Each cycle of the adopt-a-horse program is the same. Once certain herds are targeted for elimination, the cycle begins with the horror of horses being herded many miles by helicopter. Foals or fetuses are often lost during the forced march and any ailing animals are dead in days. The horses are stuffed into holding pens, where many become sick from the constant dust of close confinement. All the horses must be inoculated against common domestic diseases, which they have never known.
While waiting their turn in the squeeze chute, families are broken up. The wild horses are then jammed into trucks and hauled to large centers. All stallions are castrated upon arrival. The prettiest horses are adopted quickly, but most languish in the concentration centers before finally ending up in a place they are expressly forbidden by law–the slaughterhouse.
The adopt-a-horse program is effectively eliminating wild horses from the American scene and every dime of its support comes from tax dollars. After paying for this destruction, the taxpayer is asked to come down and buy a horse and take it home. But not very many taxpayers are equipped to take the government up on its offer; most of America’s wild horses end up as meat, sliding over the palates of Europeans and Asians who have acquired a fondness for the flesh of our horses.
I have seen wild horses in their natural state and I have spoken to many other people who have seen them. All agree that it is a sight that cannot be adequately described.
What I remember is being awed by the power of their unity. The family units, both large and small, are run with a precision and intelligence that is somehow beyond what we know. It may be a cliche, but it is certainly true that wild horses possess a certain pride in freedom. They are models for the world, living symbols of freedom.

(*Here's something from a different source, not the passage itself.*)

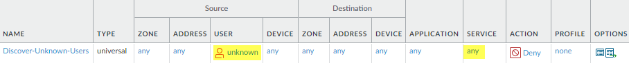 This rule identifies gaps in User-ID coverage by finding unknown users. It also identifies compromised or embedded devices in the user community that are trying to access your data center. (Embedded devices have no user interface, for example, printers, card readers, and cameras, but adversaries can compromise these devices and use them in an attack.)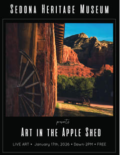 Admission to the Sedona Heritage Museum will be free for the day. The Museum will operate its normal hours, 11 am to 3 pm, but visitors are encouraged to come early, stay late, and enjoy the art. Art in the Apple Shed is produced by TAC. The event is a collaboration between the Museum and TAC. The Artists Consortium was founded in 2024 by Skip Daum and seeks to bring artists together in a public forum.

Along with millions of other Americans, I want wild horses to stay, to remain a permanent part of the national landscape, protected and managed, not only in accordance with our laws but in the spirit of our laws as well.

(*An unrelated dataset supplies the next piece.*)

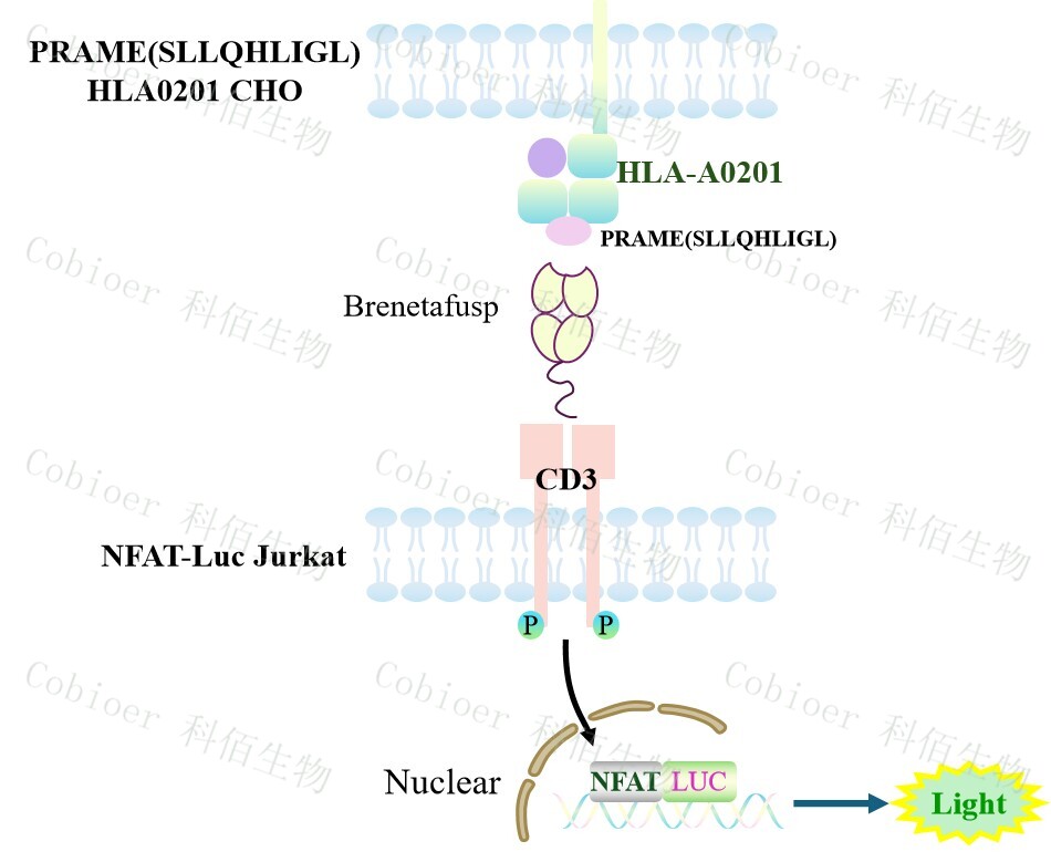 HLA-A*0201-PRAME 復合物是人類白細胞抗原(HLA)Ⅰ類分子與 PRAME 抗原肽的復合體,屬于主要組織相容性復合體(MHC)Ⅰ類家族成員。該復合物常用于 T 細胞受體 (TCR)療法,通過激活 T 細胞以識別并殺傷腫瘤細胞,原理見下圖所示。

The new Administration must stop these captures and start doing something positive for wild horses and for the public lands upon which they run. Nothing can be done for the 50 horses standing in the rain this day in Las Vegas. I hope that a few of them will find loving homes. For the others, the ones still out and running free, there can be great opportunities. But the hour is late.